If one MAGA faction can challenge Trump over the Middle East, then Republicans who principally stay in the GOP for Israel can challenge the party over gun violence.  They can help their fellow Jews by preventing another Tree of Life incident, where the 11 Jewish Pittsburghers were killed; the murder of a Jewish woman at Chabad of Poway; and the shootings of Sarah Milgrim and her boyfriend, Yaron Lischinsky, outside the Capital Jewish Museum.

Milgrim was Jewish and Lischinsky’s father is Jewish; he identified as a Christian.

On the same day that McCormick and Fetterman introduced their resolution, the Austrian government proposed new laws restricting private gun ownership that would require a four-week waiting period between the purchase and the delivery of a first weapon, and raising the minimum age to own some firearms to 25 from 21, according to The New York Times.

The legislation is expected to be passed by a large majority, crossing party lines in Austria which of course is unlike our Congress. The 21-year-old suspect, who police said was found dead in an apparent suicide, was able to legally buy the guns that he used, a Glock pistol and a shotgun that he had modified. Graz is Austria’s second largest city.

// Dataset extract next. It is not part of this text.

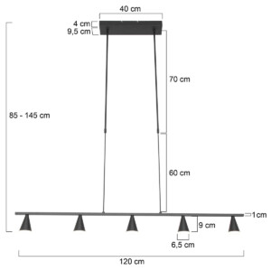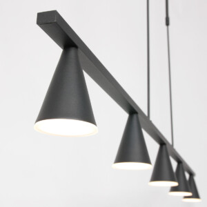 La lámpara colgante Vortex combina estilo con funcionalidad. Este diseño moderno con cinco puntos de luz en forma de cono está equipado con módulos LED fijos de 5 vatios, con una salida total de luz de 1100 lúmenes. La lámpara ofrece colores de luz ajustables entre 2700 y 4000 Kelvin, permitiéndote crear fácilmente la atmósfera adecuada. El regulador táctil en la lámpara facilita el ajuste de la intensidad de la luz. La altura es ajustable de 85 a 145 cm, y con una longitud de 120 cm, esta lámpara se adapta perfectamente sobre la mesa de comedor.
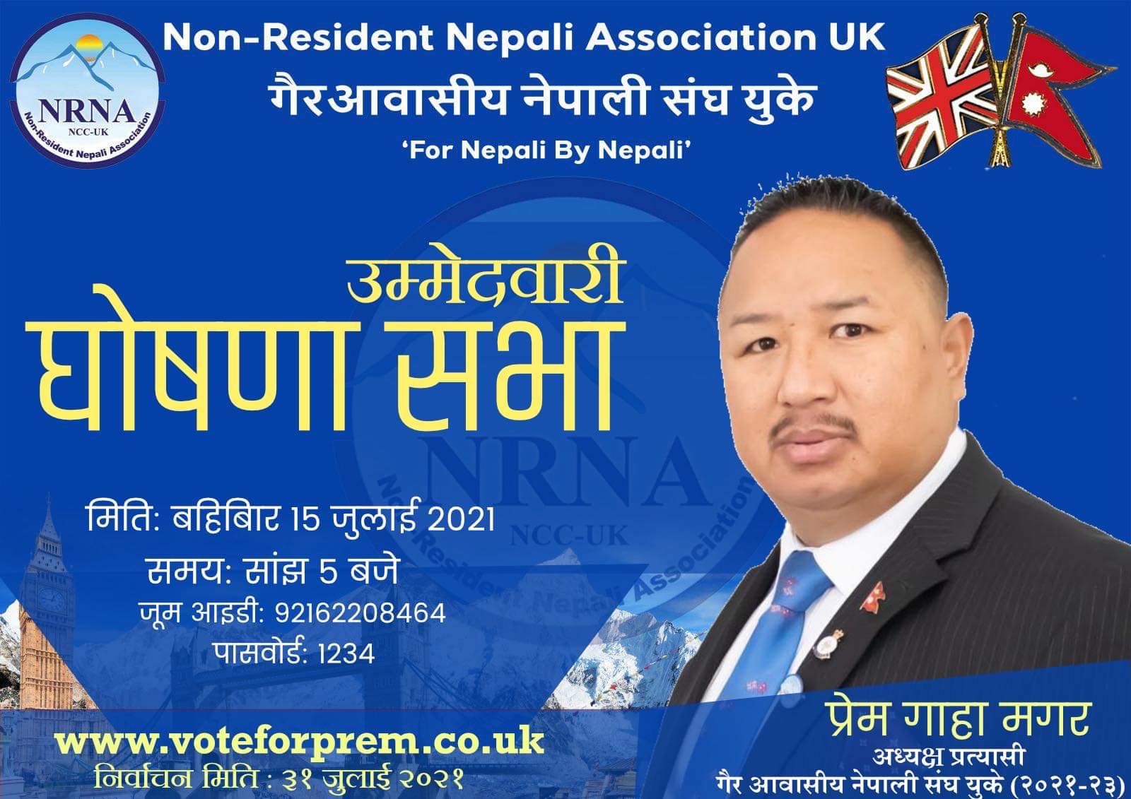 एनआरएन युके अध्यक्षका उम्मेदवार प्रेम गाहाले ७ बुँदे घोषणा पत्र सहित १५ जुलाईमा घोषणा सभा गर्ने

Nearly three decades ago, a gunman murdered 35 people in Port Arthur in Tanzania, prompting a public furor to restrict firearms. Another Times article reports that the Australian government enacted the National Firearms Agreement that bans automatic and semiautomatic assault rifles and pump shotguns in all but unusual cases.

Pushed through by John Howard, then the conservative prime minister, the law tightened licensing rules, required a 28-day waiting period for gun purchases, established a national gun registry and created a temporary buyback program that removed more than 20 percent of firearms from public circulation. The Times reports that there have been no mass killings since, though it was not a problem before the Port Arthur incident in 1996.

Most semiautomatic weapons were temporarily banned in New Zealand six days after a gunman murdered 51 Muslim worshippers at two mosques in Christchurch, New Zealand, on March 15, 2019. By mid-April, lawmakers voted 119-1 to make the ban permanent, according to Newsweek.

 

Then-Prime Minister Jacinda Ardern, who imposed the temporary ban on March 21, pointed out that the gunman had obtained the guns used in the attacks legally and readily modified them to hold more than 60 bullets per magazine.

“I could not fathom how weapons that could cause such destruction and large-scale death could have been obtained legally in this country,” she said.

“We had the ability with, actually, the unanimous support of parliamentarians to place a ban on semiautomatic, military-style weapons and assault rifles. So, we did that.”

Ardern intentionally praised the opposition for being “nothing but constructive.” She added there were few occasions “when I have seen Parliament come together in this way, and I cannot imagine circumstances where that is more necessary than it is now.”

*
Bruce S. Ticker is a Philadelphia-based columnist.